Abscam and 'American Hustle' have Baltimore lineage

1970s FBI corruption sting in city pre-dated operation that is basis of motion picture

American Hustle

Richie Dimaso (Bradley Cooper, left) and Irving Rosenfeld (Christian Bale) talk in a gallery at the Frick Museum in Columbia Pictures' "American Hustle." (Columbia Pictures Photo / April 22, 2013)

The 1970s corruption investigation known as Abscam, celebrated in "American Hustle," one of the holiday season's hottest movies, had its roots in Baltimore. It was in Charm City that the FBI tested the sting-style operation that marked Abscam as a particularly theatrical and effective form of undercover investigation. Baltimore FBI agents later trained those who carried out the Abscam sting.

Abscam famously featured FBI agents posing as Arab sheiks, along with an accomplished con artist (played by Christian Bale in "American Hustle") who helped the feds set up the operation that led to the bribery convictions of six U.S. representatives and one senator, along with numerous local officials in New Jersey and Pennsylvania.

But the FBI's experiment in this type of operation started on a smaller scale in Baltimore in 1975, three years before Abscam's launch, when two FBI agents employed an admitted con man to lead them into the realm of city politics and public works contracts.

The hustler was a native Baltimorean named Salvatore Spinnato.

In the early 1970s, Spinnato had talked people into investing in a line of cologne called Roman Leather, a line of shampoo called Shampoo and Curl, and a shrimp farm in El Salvador. The farm was supposed to produce giant shrimp marketed under the brand name "Beast In A Basket."

Never happened, of course.

Unhappy investors complained to authorities in Maryland. Some went to the FBI. That's when Spinnato first appeared on the bureau's local radar.

Spinnato fancied himself a "great impostor," inspired by Tony Curtis' character in a 1961 movie by that title. At different times, Spinnato had presented himself as a seminarian, a brain surgeon, a nurse and a respiratory therapist. He claimed to be a Vietnam veteran and a Navy SEAL.

The FBI found his acting talents useful in 1975 and 1976.

Some historical perspective:

By the mid-1970s, the bureau's regional office, the Internal Revenue Service and the U.S. attorney in Baltimore had been on a roll, securing corruption convictions of the Baltimore County executive and the Anne Arundel County executive as well as the no-contest plea and resignation of Spiro T. Agnew, the former Maryland governor who had served for nearly five years as Richard Nixon's vice president.

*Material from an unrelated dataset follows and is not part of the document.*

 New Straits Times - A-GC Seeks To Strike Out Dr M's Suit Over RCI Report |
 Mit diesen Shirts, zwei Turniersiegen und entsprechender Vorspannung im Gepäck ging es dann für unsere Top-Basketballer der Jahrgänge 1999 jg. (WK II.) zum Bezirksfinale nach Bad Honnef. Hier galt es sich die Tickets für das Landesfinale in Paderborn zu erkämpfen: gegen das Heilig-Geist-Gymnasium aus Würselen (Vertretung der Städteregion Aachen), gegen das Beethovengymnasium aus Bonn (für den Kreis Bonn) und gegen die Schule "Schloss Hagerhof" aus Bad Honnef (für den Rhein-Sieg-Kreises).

In addition, federal prosecutors had launched an investigation into the questionable activities of Agnew's successor as governor, Marvin Mandel, and his associates.

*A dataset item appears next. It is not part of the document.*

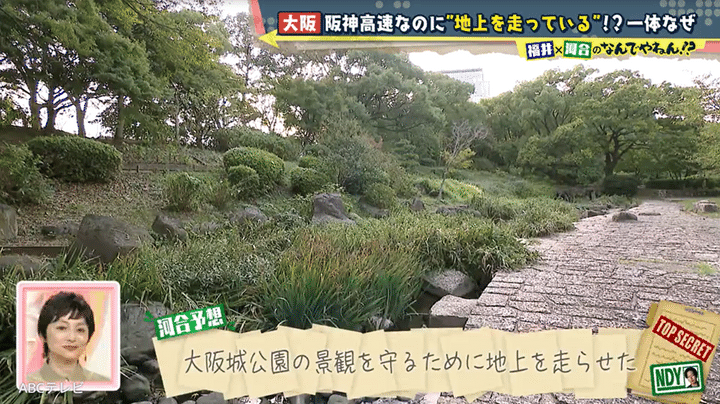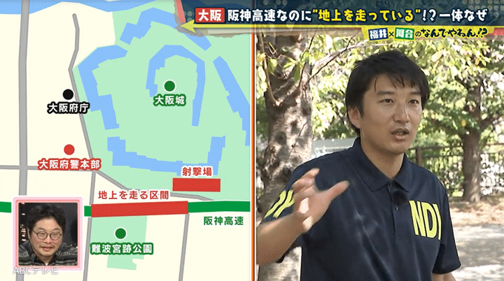 車から降りた河合は、高速の真横にある大阪城公園を福井アナと調査するなかで、「景観を守るために(阪神高速道路の一部区間は)地上を走らせた」と推測。一方福井アナは、陸軍から自衛隊に引き継がれた城南射撃場の跡を公園内で見つけ、周辺の建物の位置関係も加味して、「自衛隊や警察が利用しやすいように地上を走らせた」と考えた。
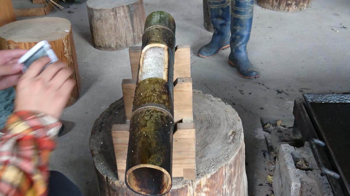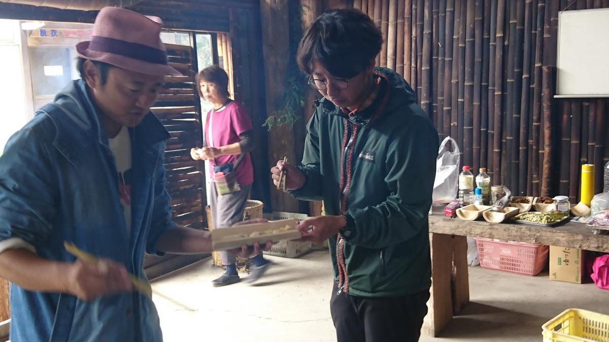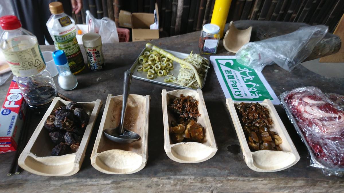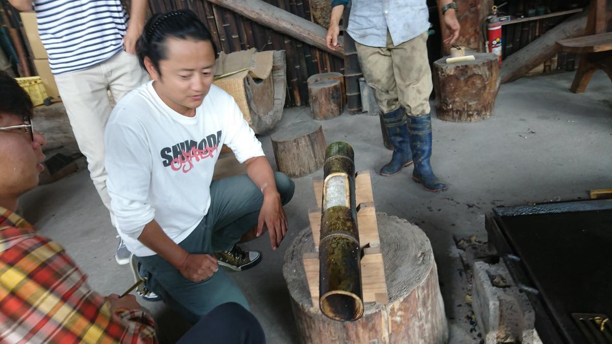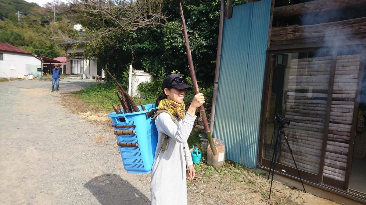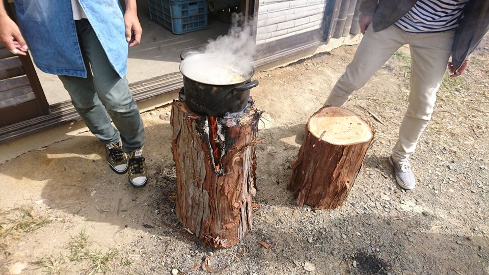 和やかにご飯を炊いて汁を作って、お箸もお椀も全部竹をその場で切って、焚き付けから材料調理まで全部が身の回りにある。都会にない素晴らしい環境。

In the midst of all that, a team of federal agents trained their eyes on Baltimore City Hall and Mayor William Donald Schaefer's administration, which had somehow avoided any corruption taint until that point.

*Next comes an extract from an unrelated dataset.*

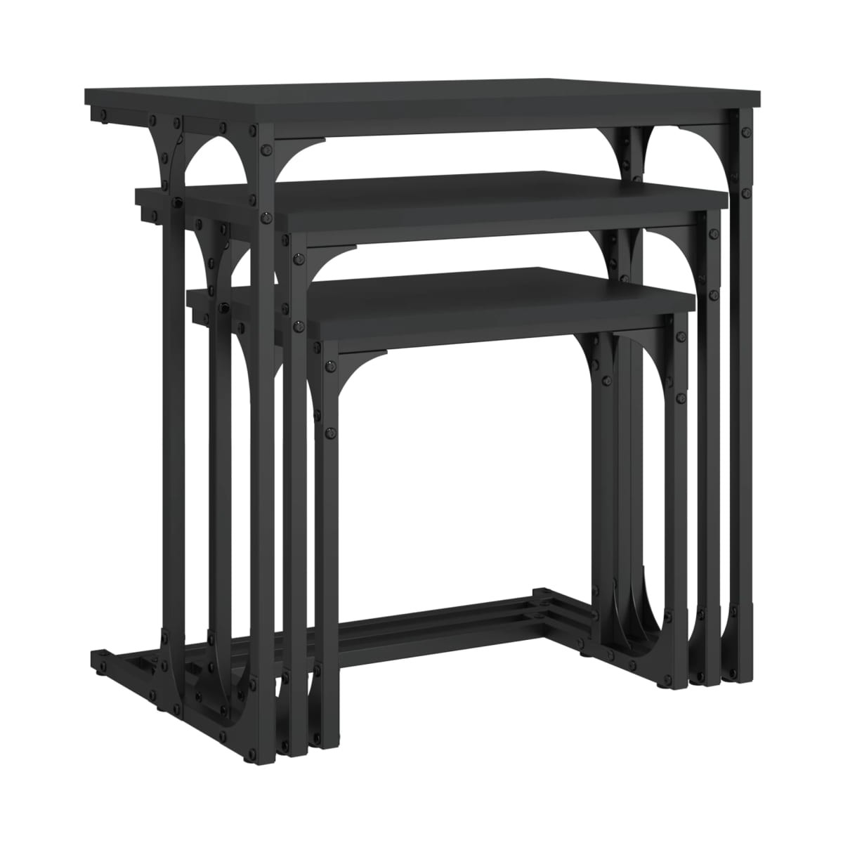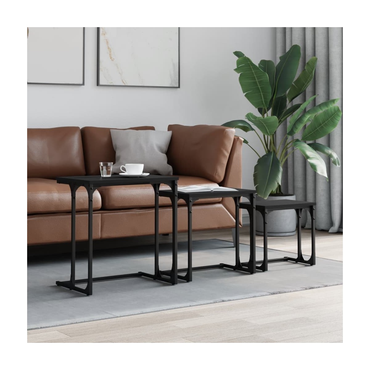 Estas 3 mesas de centro apilables son la alternativa perfecta para pisos pequeños o cualquier zona con espacio limitado. Su diseño industrial hace que este juego de mesas de centro sea un complemento elegante para tu salón, dormitorio u oficina. Material duradero: La madera contrachapada tiene una calidad excepcional, con una superficie lisa y también cuenta con fuerza, estabilidad y resistencia a la humedad. Hechas de madera contrachapada, las mesas apilables son fáciles de limpiar.Diseño apilable: El juego de mesas de centro apilables tiene diferentes tamaños para satisfacer tus diferentes necesidades. Las mesas más pequeñas pueden encajar dentro de la mesa de centro más grande si necesitas más espacio. Y puedes organizarlas por separado para obtener el máximo espacio en la mesa.Superficie resistente: La resistente superficie de las mesas apilables es ideal para dejar las bebidas o cualquier otra cosa que necesites tener al alcance de la mano.Función versátil: Las mesas auxiliares apilables son versátiles. Cualquiera de ellas se puede usar como mesita de noche en el dormitorio, mesa auxiliar o mesita de sofá en el salón y la oficina.Estructura metálica: La estructura metálica añade un estilo industrial a la casa, además de garantizar su durabilidad y estabilidad.

The feds devised an Abscam-like scheme before anyone had heard of Abscam.

With Spinnato as their partner, two agents, Dudley F.B. "Butch" Hodgson and Ron Miller, set up a company that specialized in cleaning masonry, specifically exterior brick. They had an office on York Road in the Govans section of North Baltimore. They had a truck and cleaning equipment. They were bonded to perform the work.

They operated as MCC, for Municipal Chemical Corp.

The idea was simple: Spinnato and the agents would pose as contractors and submit bids for city contracts — mainly, to clean the exteriors of city schools and other municipal buildings. Being new to the bidding scene, the agents wanted to see whether any city officials would seek bribes in return for favoritism in the process.

The agents ended up being squeezed for thousands of dollars by a state delegate from Southeast Baltimore and a public works employee, both of whom were later convicted of extortion in federal court.

The investigation also put the FBI and IRS on the trail of established contractors who for years had rigged bids on emergency demolition work in the city. Baltimore's deputy director of public works went to federal prison, along with the contractors who had paid him off.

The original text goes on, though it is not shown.